Give the lines again exactly as they appear below, from the line with "meadow, wildflower, blossom" to the line with "Women's Size 12", both included, and only those lines. Leave every picture out.

======== Data to examine

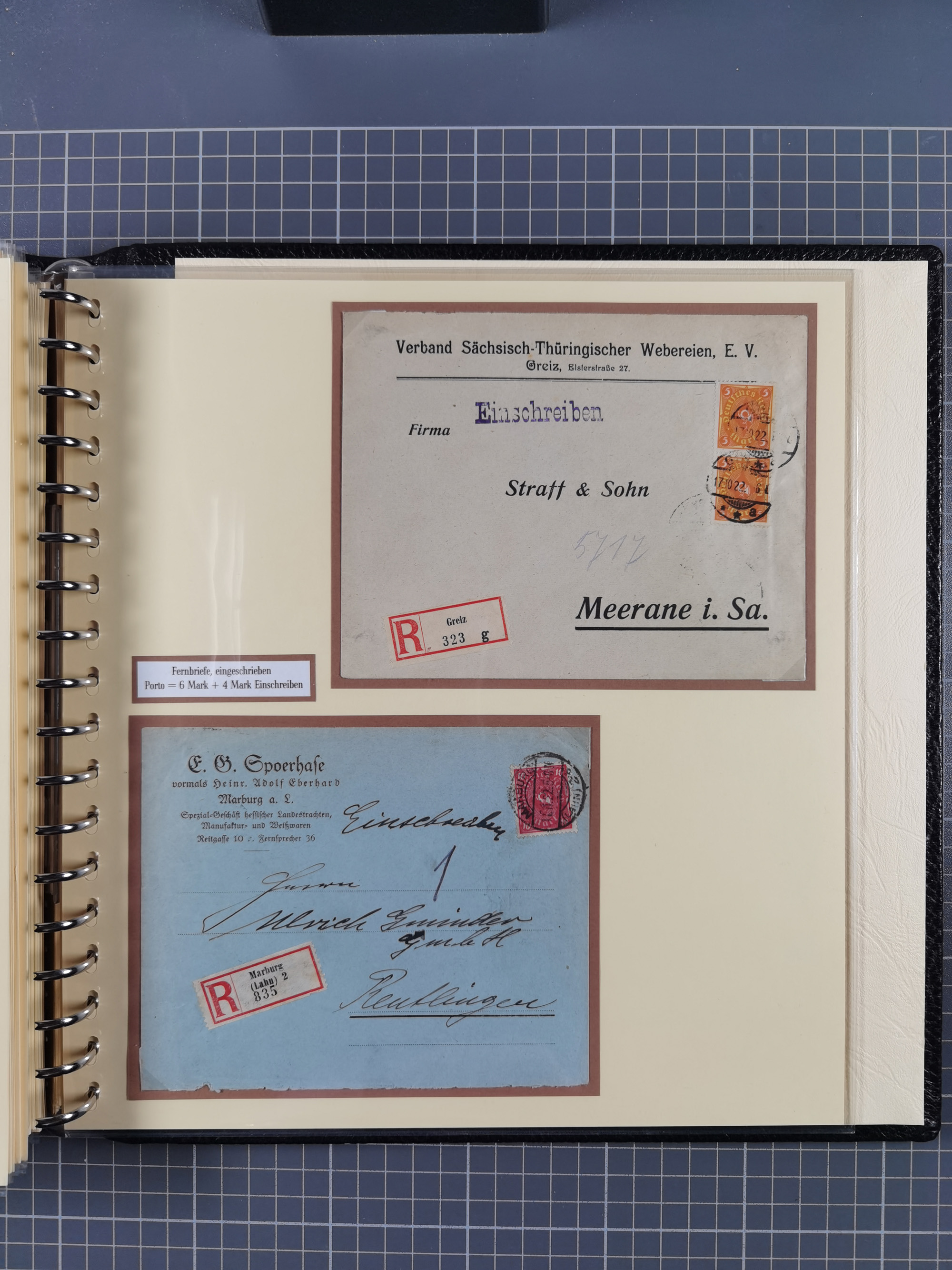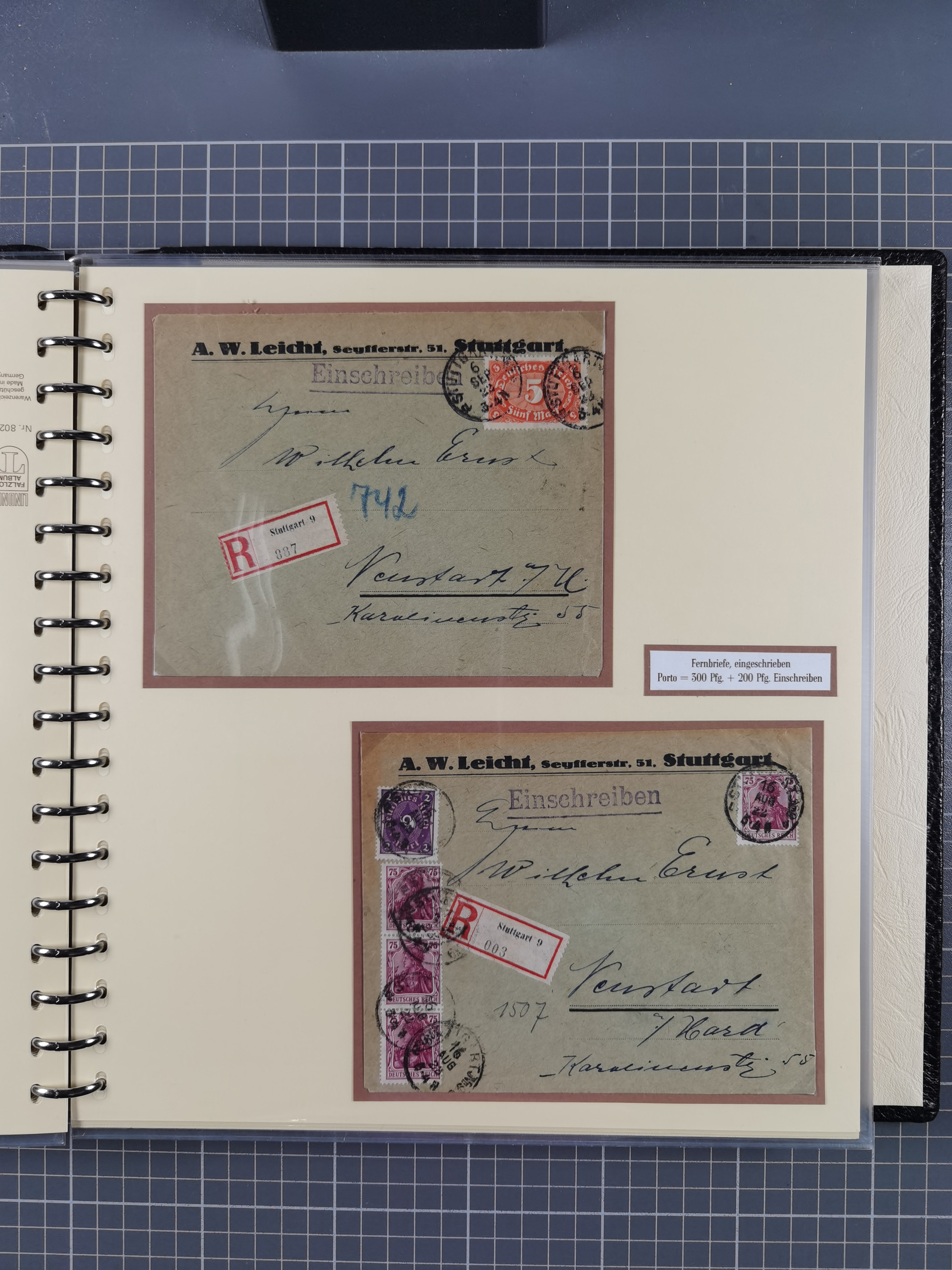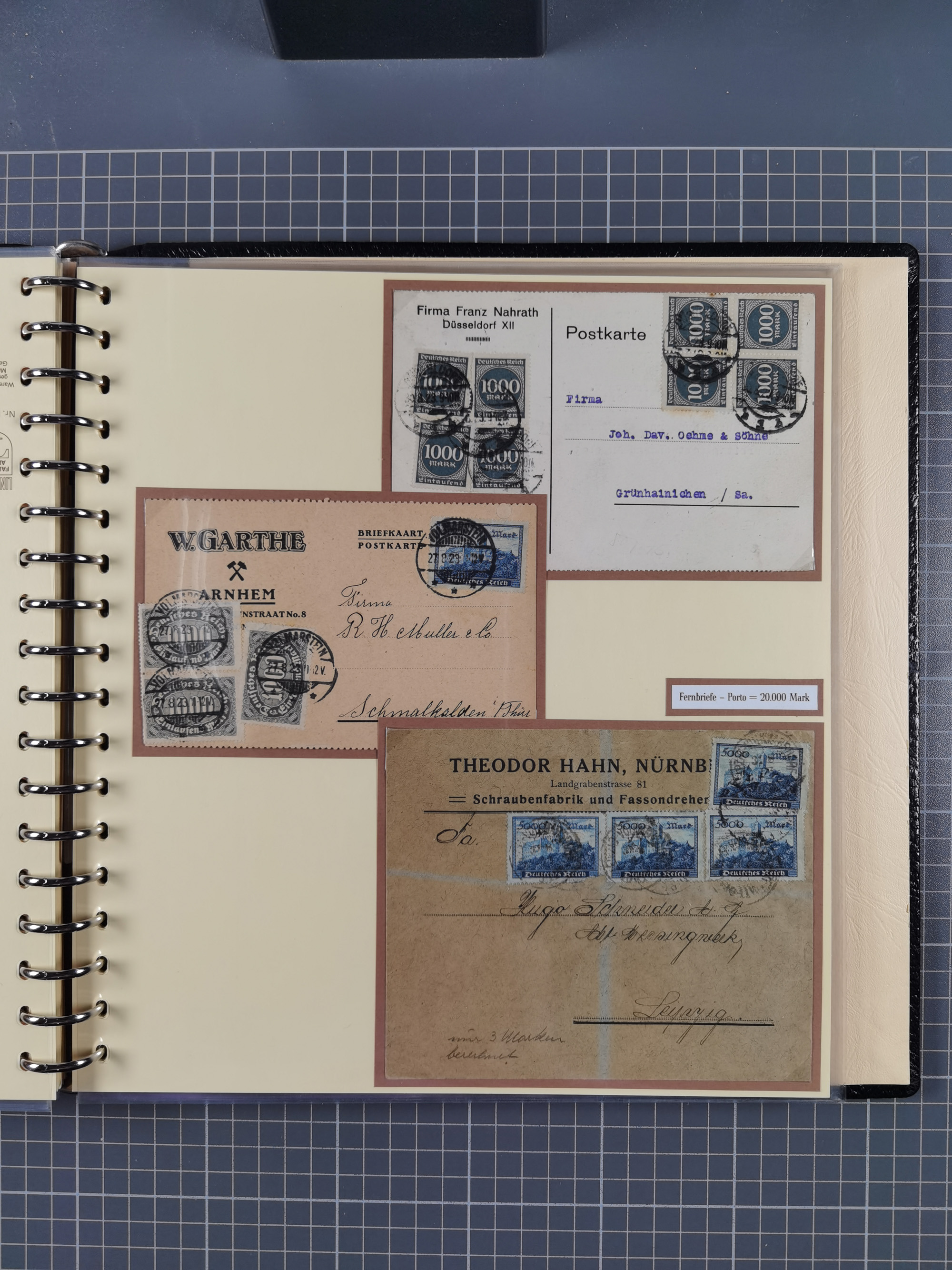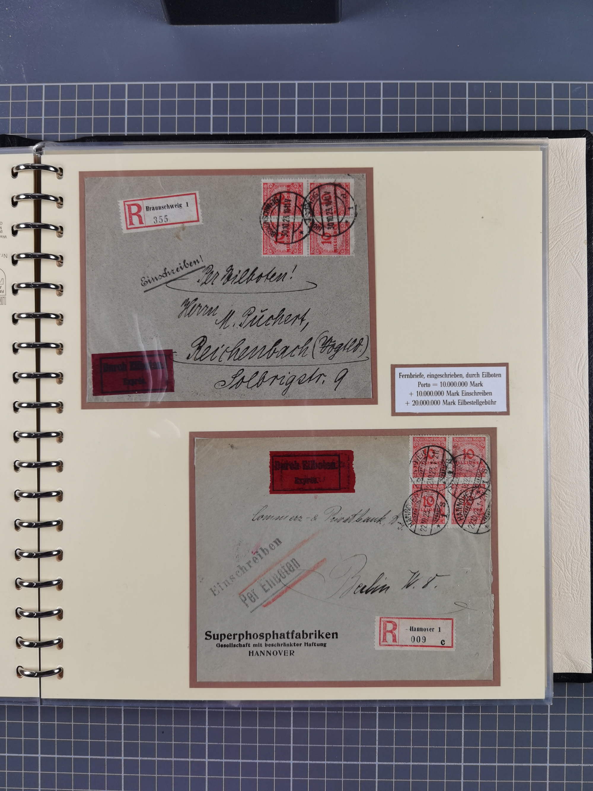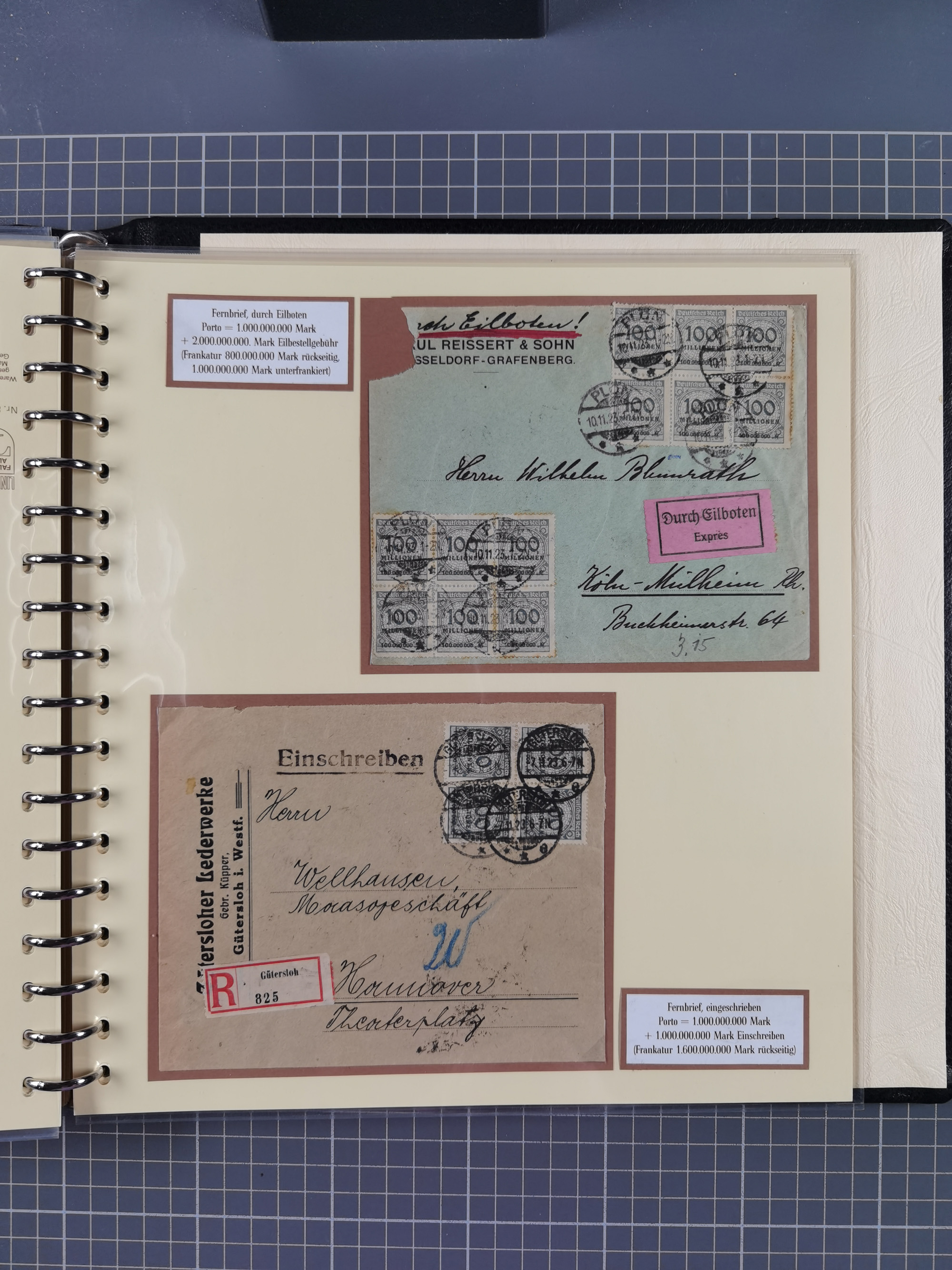 1872/1923, umfangreiche Sammlung mit ca. 800 Briefen,Karten und Ganzsachen. Am Anfang mit kleinem Teil “Hufeisentstempel”, ansonsten liegt der Schwerpunkt bei Infla mit Einzel- und Mehrfachfrankaturen, R-Briefen, Auslandspost, viel Hochinflation mit Dezember-Briefen und Portostufen. Alles auf selbst gestalteten Albenblättern in10 Alben
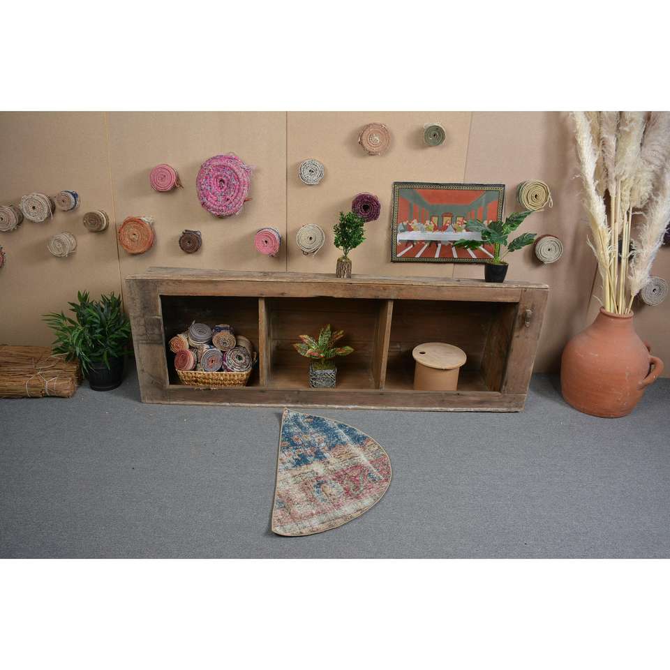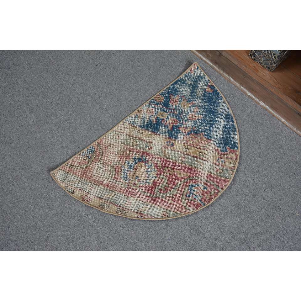 Alfombra Redonda Vintage de 2,5x1,5 pies (75x45 cm), Alfombra Turca con Borde Azul
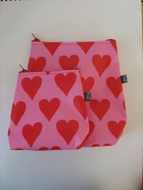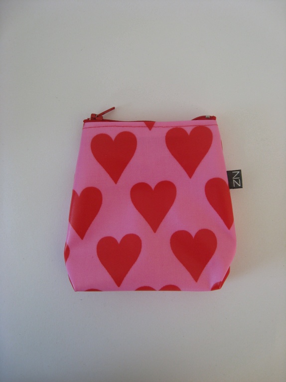 Liten rosa pung med 10 cm glidelåsåpning og røde hjerter som har plass til litt sminke, smykker og andre hemligheter?
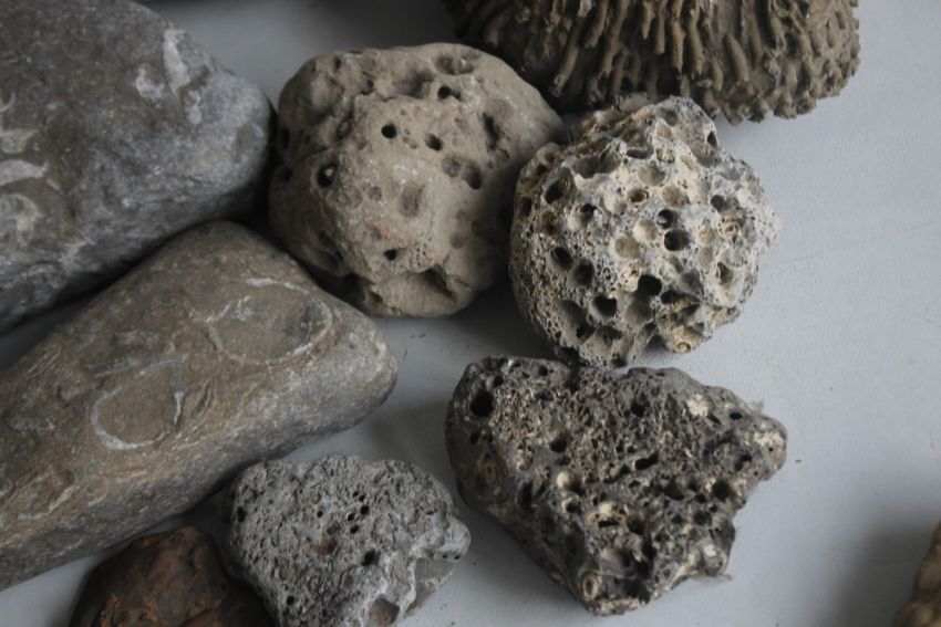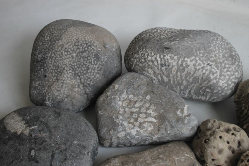 A COLLECTION OF FOSSILS MAINLY IN LARGE BOLDER FORM, to include a coprolite (fossilized poo)
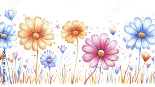 watercolor, painting, daisy, flower, field, orange, pink, blue, green, grass, confetti, bright, cheerful, whimsical, spring, summer, floral, nature, art, illustration, botanical, design, pattern, background, texture, border, seamless, vibrant, colourful, pretty, cute, happy, romantic, delicate, soft, gentle, calm, peaceful, tranquil, fresh, springtime, garden, meadow, wildflower, blossom
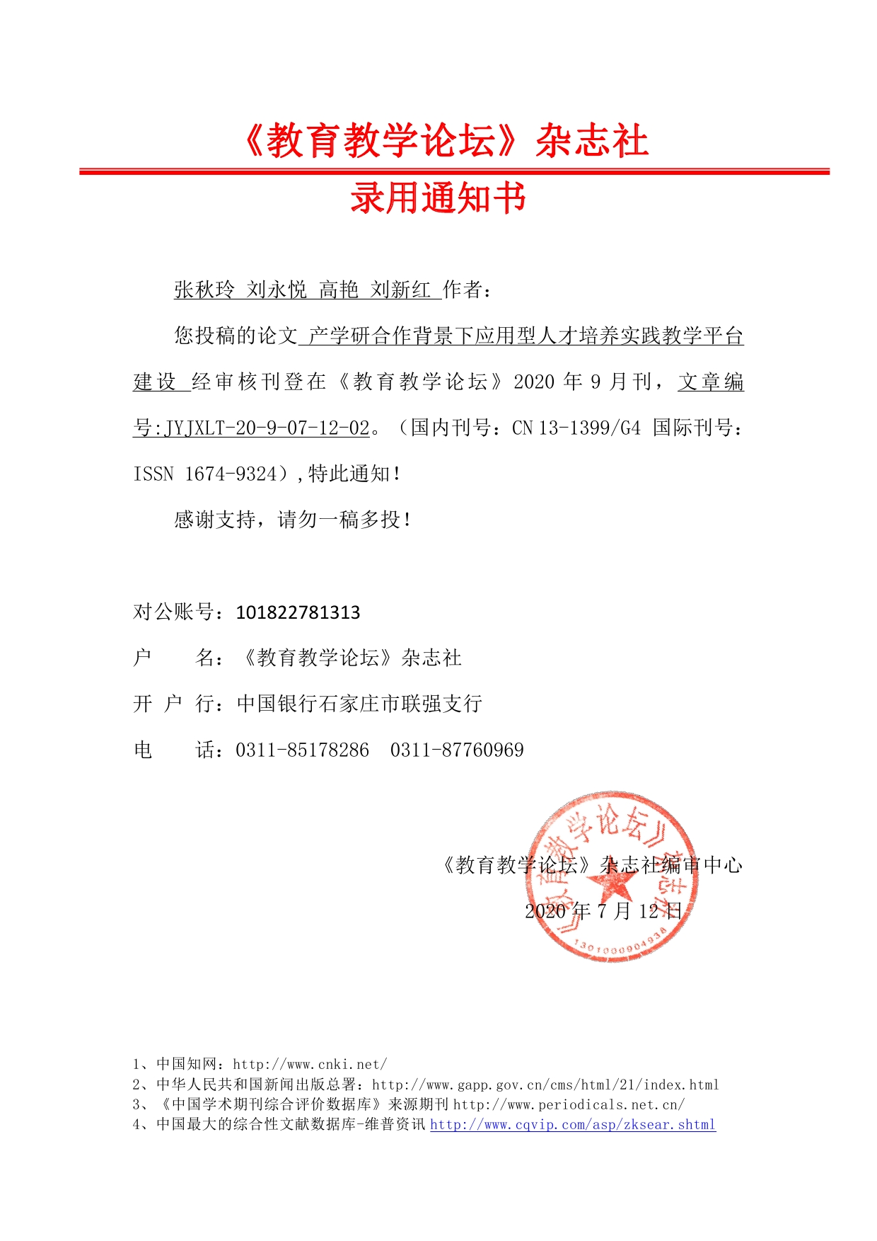 您投稿的论文产学研合作背景下应用型人才培养实践教学平台建设经审核刊登在《教育教学论坛》2020年9月刊,文章编号:JYJXLT-20-9-07-12-02。(国内刊号:CN13-1399/G4 国际刊号:ISSN1674-9324),特此通知!
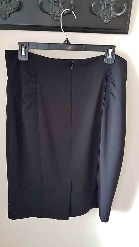 Women's Size 12 Ricki's Black Pencil Skirt. Fully lined. Gathering detail on each side front. Polyester/rayon/spandex blend. Wash and hang to dry. Has been washed. Back zip and slit. 24" long from waist to hem. Hardly worn. Smoke/pet free home. Pick up west end of Peterborough near Glenforest. $5
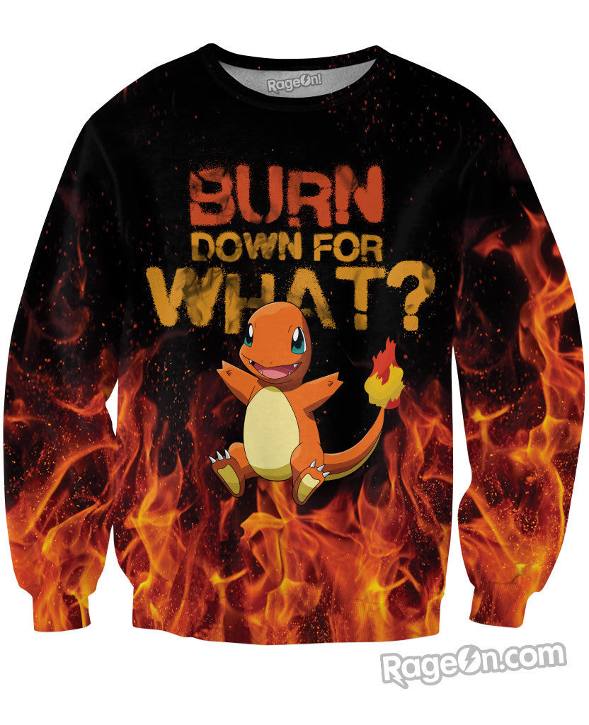Charmander has a burning question it's been waiting to ask you...BURN DOWN FOR WHAT!? Get your all-over print Charmander Crewneck Sweatshirt from Let's Rage, inspired by the original fire starter Pokemon! Only on RageOn!
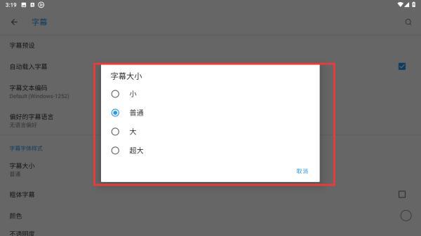 3、在字幕的设置页面,点击字幕大小,在弹出的选项中选择小、普通、大或超大,即可完成字幕大小的调整。

================

## Result
 watercolor, painting, daisy, flower, field, orange, pink, blue, green, grass, confetti, bright, cheerful, whimsical, spring, summer, floral, nature, art, illustration, botanical, design, pattern, background, texture, border, seamless, vibrant, colourful, pretty, cute, happy, romantic, delicate, soft, gentle, calm, peaceful, tranquil, fresh, springtime, garden, meadow, wildflower, blossom
 您投稿的论文产学研合作背景下应用型人才培养实践教学平台建设经审核刊登在《教育教学论坛》2020年9月刊,文章编号:JYJXLT-20-9-07-12-02。(国内刊号:CN13-1399/G4 国际刊号:ISSN1674-9324),特此通知!
 Women's Size 12 Ricki's Black Pencil Skirt. Fully lined. Gathering detail on each side front. Polyester/rayon/spandex blend. Wash and hang to dry. Has been washed. Back zip and slit. 24" long from waist to hem. Hardly worn. Smoke/pet free home. Pick up west end of Peterborough near Glenforest. $5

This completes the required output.